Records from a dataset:
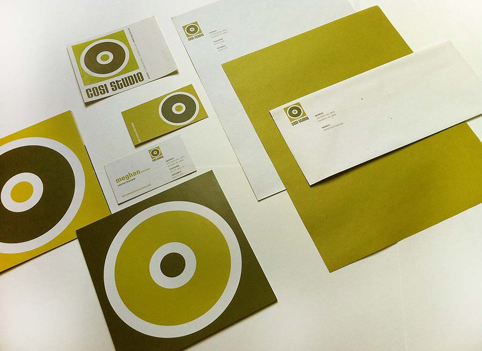 PROJECT: Branding Materials for Cosi Studio (+ logo, and brand standards) ROLE: Designer and Production / Project Manager.
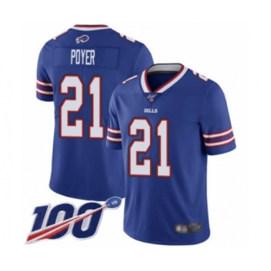 >Men's Buffalo Bills #21 Jordan Poyer Royal Blue Team Color Vapor Untouchable Limited Player 100th Season Football Jersey
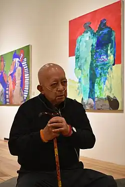 His first exhibition was called "Energía" at the Galería Nuevas Generaciones at La Esmeralda which was well received.[6] He has had over 200 individual exhibitions of his work since his first in 1954, with participation in over 300 collective shows.[4][6] Every year since 1970, he has had multiple exhibitions mostly in Mexico but abroad as well.[6] His work has frequently been shown at locations in Mexico City such as the Salón de la Plástica Mexicana (of which he is a member), Galeria del Aeropuerto Internacional, the Museo de la Estampa, Museo Carrillo Gil, Museo de Arte Moderno, the various galleries of the Escuela Nacional de Artes Plásticas and at the Palacio de Bellas Artes.[7] Other places in Mexico where his work has been shown include the Museo Contemporáneo in Toluca, the gallery of the University of Sinaloa, Galería Juan Cabrera in Puebla, Instituto Regional de Bellas Artes in Aguascalientes and San Luis Potosí. Galeria Miro in Monterrey, Galeria Migritte in Guadalajara, Instituto Cultural Cabañas in Guadalajara, Museo de Arte Moderno in Toluca, Museo Biblioteca Pape in Coahuila, Arte Actual Mexicano in Monterrey, ITESM Campus Estado de México and the Instituto Chiapaneco de Cultura. Outside of Mexico, his work has been exhibited 1958 Pan American Union meeting in Washington, D.C., the Brooklyn Museum, La Joya Gallery in Los Angeles, Bienal Latinoamericana in São Paulo Brazil, Casa de las Américas in Havana, Museo de Arte Contemporáneo at the University of Chile, the Museo de Bellas Artes in Bogota, Colombia and the Museo de Artes Plásticas y Visuales in Montevideo, Uruguay, IBM Gallery in New York, Sagacho Exhibit Space in Tokyo, Pabellón de las Artes, Expo-Sevilla Spain, Hamburische Landesbank in Hamburg, Norddeutsche Landesbank in Hanover.[5] In 2008 there was a retrospective with over 400 of his works at the Palacio de Bellas Artes.[7]
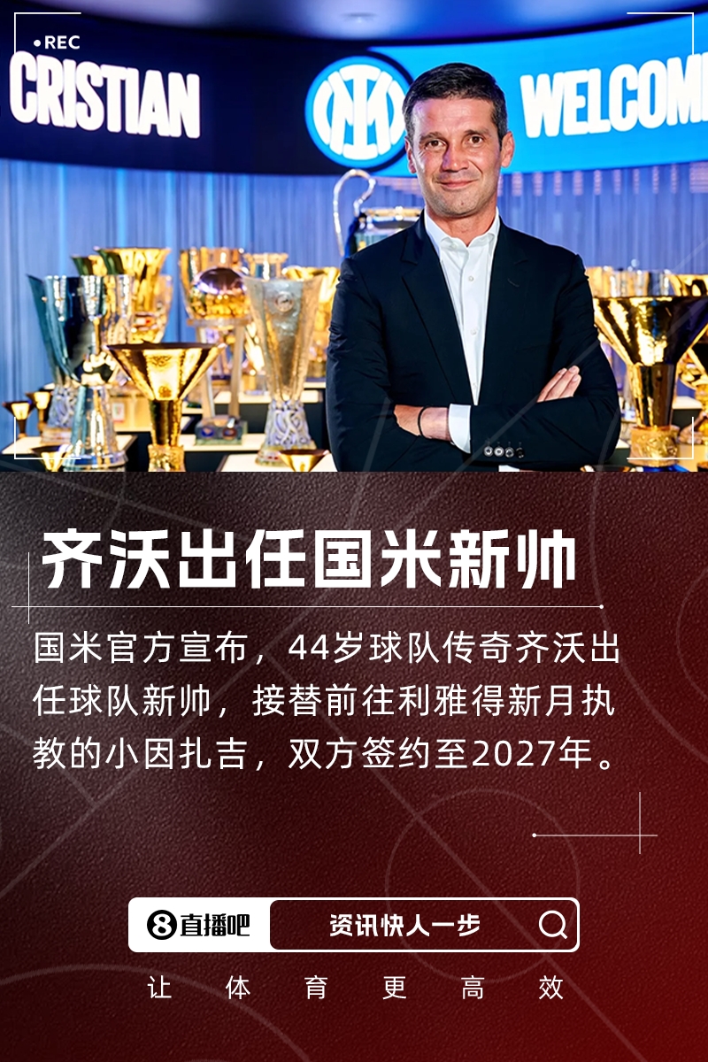 接替小因扎吉!国米官方:44岁名宿齐沃出任球队新帅,签约2年
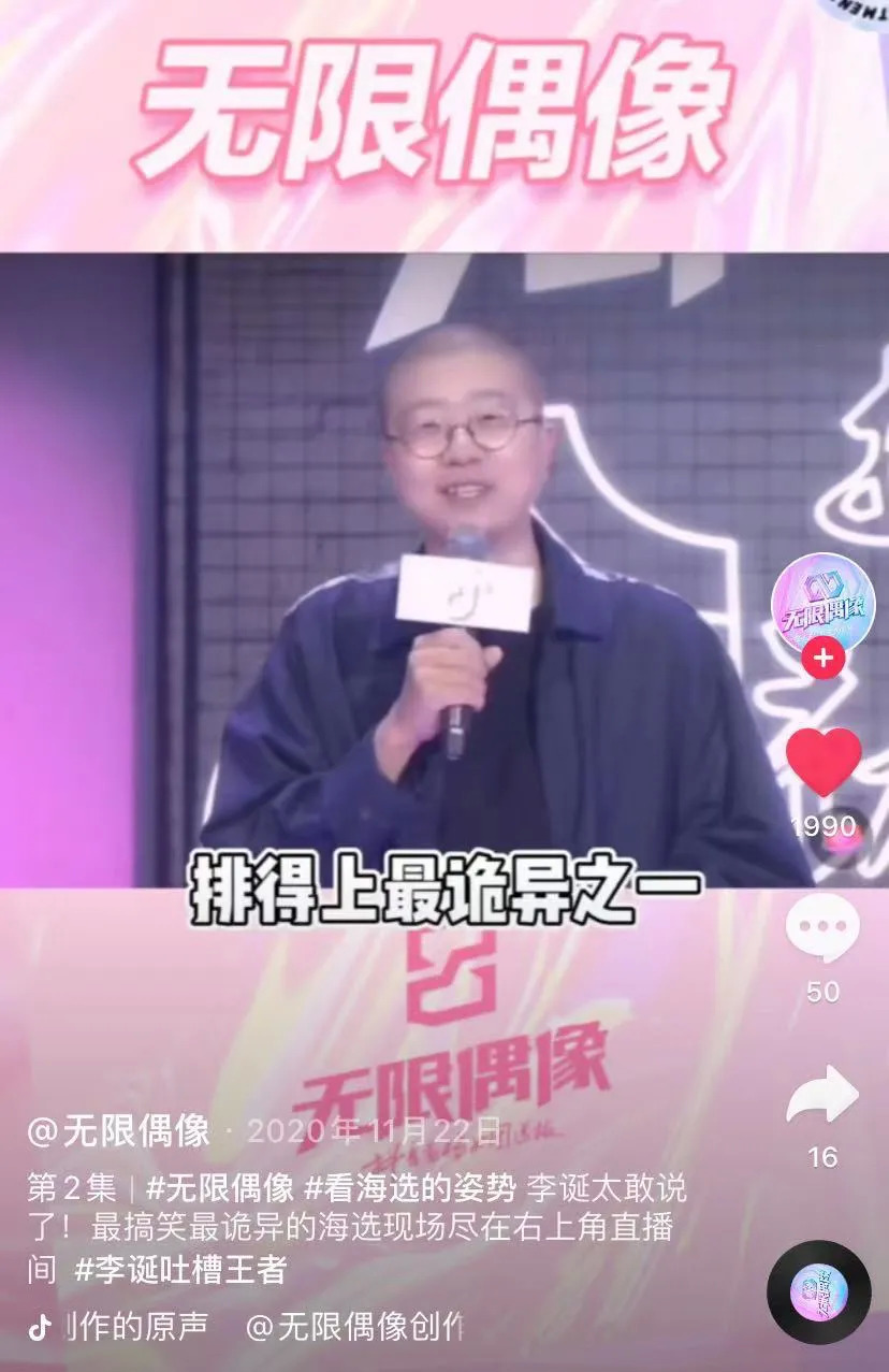 2020年上线那一批短视频选秀综艺,《无限偶像》应该是最有卖相的一个。李诞、汪苏泷、杨天真等导师虽非顶配,但胜在自带网感,适合抖音用户的口味。参赛选手自带粉丝动辄百万、千万,也让平台有勇气喊响“天生偶像,无限发光”的口号。
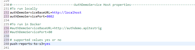 Comment out the lines beginning with authDemoServiceBaseURL and authDemoServicePort intended for Docker

→ Task statement
All of the entries need to be copied exactly, minus any pictures.

→ Response area
 PROJECT: Branding Materials for Cosi Studio (+ logo, and brand standards) ROLE: Designer and Production / Project Manager.
 >Men's Buffalo Bills #21 Jordan Poyer Royal Blue Team Color Vapor Untouchable Limited Player 100th Season Football Jersey
 His first exhibition was called "Energía" at the Galería Nuevas Generaciones at La Esmeralda which was well received.[6] He has had over 200 individual exhibitions of his work since his first in 1954, with participation in over 300 collective shows.[4][6] Every year since 1970, he has had multiple exhibitions mostly in Mexico but abroad as well.[6] His work has frequently been shown at locations in Mexico City such as the Salón de la Plástica Mexicana (of which he is a member), Galeria del Aeropuerto Internacional, the Museo de la Estampa, Museo Carrillo Gil, Museo de Arte Moderno, the various galleries of the Escuela Nacional de Artes Plásticas and at the Palacio de Bellas Artes.[7] Other places in Mexico where his work has been shown include the Museo Contemporáneo in Toluca, the gallery of the University of Sinaloa, Galería Juan Cabrera in Puebla, Instituto Regional de Bellas Artes in Aguascalientes and San Luis Potosí. Galeria Miro in Monterrey, Galeria Migritte in Guadalajara, Instituto Cultural Cabañas in Guadalajara, Museo de Arte Moderno in Toluca, Museo Biblioteca Pape in Coahuila, Arte Actual Mexicano in Monterrey, ITESM Campus Estado de México and the Instituto Chiapaneco de Cultura. Outside of Mexico, his work has been exhibited 1958 Pan American Union meeting in Washington, D.C., the Brooklyn Museum, La Joya Gallery in Los Angeles, Bienal Latinoamericana in São Paulo Brazil, Casa de las Américas in Havana, Museo de Arte Contemporáneo at the University of Chile, the Museo de Bellas Artes in Bogota, Colombia and the Museo de Artes Plásticas y Visuales in Montevideo, Uruguay, IBM Gallery in New York, Sagacho Exhibit Space in Tokyo, Pabellón de las Artes, Expo-Sevilla Spain, Hamburische Landesbank in Hamburg, Norddeutsche Landesbank in Hanover.[5] In 2008 there was a retrospective with over 400 of his works at the Palacio de Bellas Artes.[7]
 接替小因扎吉!国米官方:44岁名宿齐沃出任球队新帅,签约2年
 2020年上线那一批短视频选秀综艺,《无限偶像》应该是最有卖相的一个。李诞、汪苏泷、杨天真等导师虽非顶配,但胜在自带网感,适合抖音用户的口味。参赛选手自带粉丝动辄百万、千万,也让平台有勇气喊响“天生偶像,无限发光”的口号。
 Comment out the lines beginning with authDemoServiceBaseURL and authDemoServicePort intended for Docker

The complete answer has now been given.